Clinical Trial Design and Artificial Intelligence | Pepgra.com

Clinical trials take up the second half of the ten – 15 year, 1.5 – 2.0 billion USD, cycle of development only for introducing a replacement drug within a market. Therefore, any Clinical Trials Services that end in failure tends to translate not just in losses in terms of investment for the clinical trial but also takes into its ambit the prices incurred as preclinical development costs. 

This renders the loss for each failed clinical test at 800 million to 1.5 billion USD(Harrer et al., 2019). Keeping these factors in mind, it might be beneficial to explore how AI or AI because it is popularly known are often effectively utilized to re-mould the key phases of a Clinical Trail design with a view to reinforce the speed of success within the trial.

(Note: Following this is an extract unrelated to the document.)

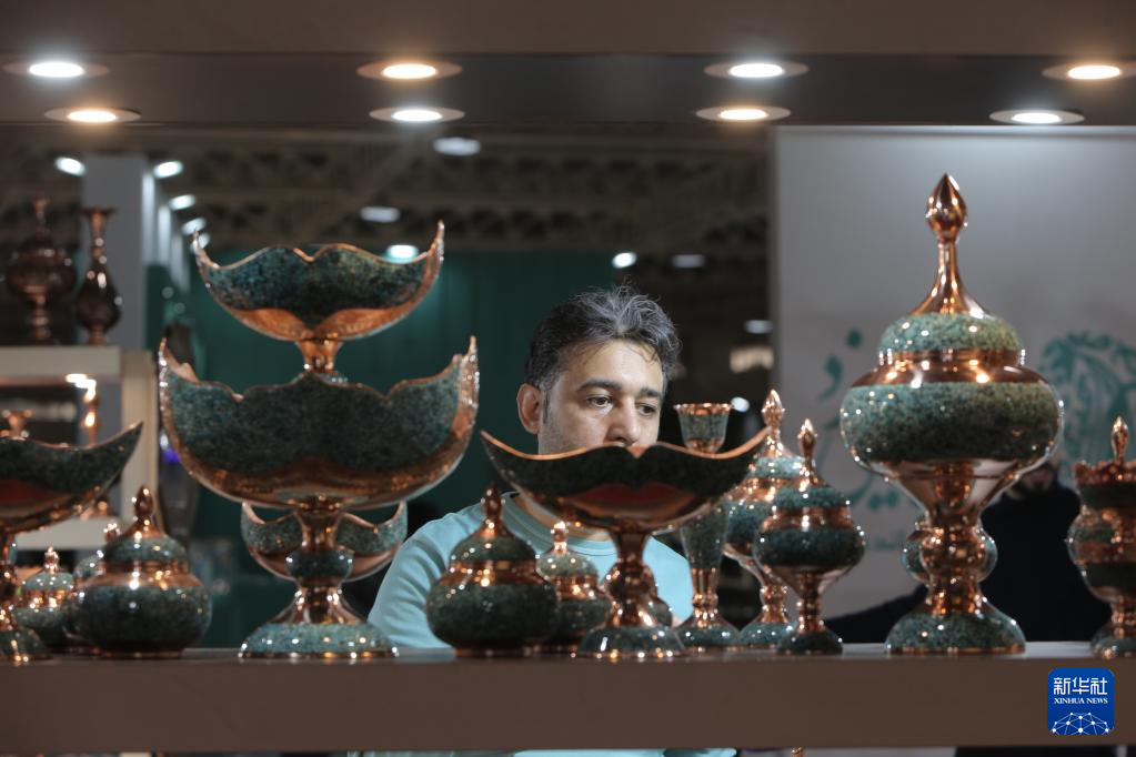 2月7日,參展商在伊朗德黑蘭展示手工藝品制作技藝。

Factors causing Failures in Clinical Trials and how AI can help

The main two factors that cause failure within clinical trials services pertains to the choice of patient cohorts and therefore the mechanisms used for recruiting cohorts. The said two factors aren't enough to usher in the foremost appropriate patients to the trial during a timely manner, along side the absence of a technical infrastructure to match the intricacies of executing a clinical trial(Fogel, 2018).

AI and its Evolution

AI within the domain of drugs features a history which matches back to the first 1970s when proficient systems like MYCIN had been initially introduced for providing support to diagnostic decisions(Shortliffe, 1984). Nonetheless, early systems of medical AI depended largely on experts from the medical domain for training computers by encrypting clinical knowledge as logic based rules for particular situations or scenarios. Systems of such kind were wrought with the limitation wherein it had been intensive to labour and required tons of your time for the development process. Also, once it had been developed there have been also considerable challenges with regards to any future updates intrinsically systems were largely rigid(McCauley & Ala, 1992).


AI in Clinical Trials

he figure above envisions the key techniques through which AI are often introduced within the tenets of clinical design. There are three key themes within the planning which comprises of; cohort composition, patient recruitment and patient monitoring. These are founded on the features of the patient in terms of eligibility, suitability, empowerment, enrollment and motivation. this is often also inclusive of aspects concerning trial such as; adherence control, endpoint detection and retention of patients. An array of methodologies for design has been utilized to execute functionalities of the target.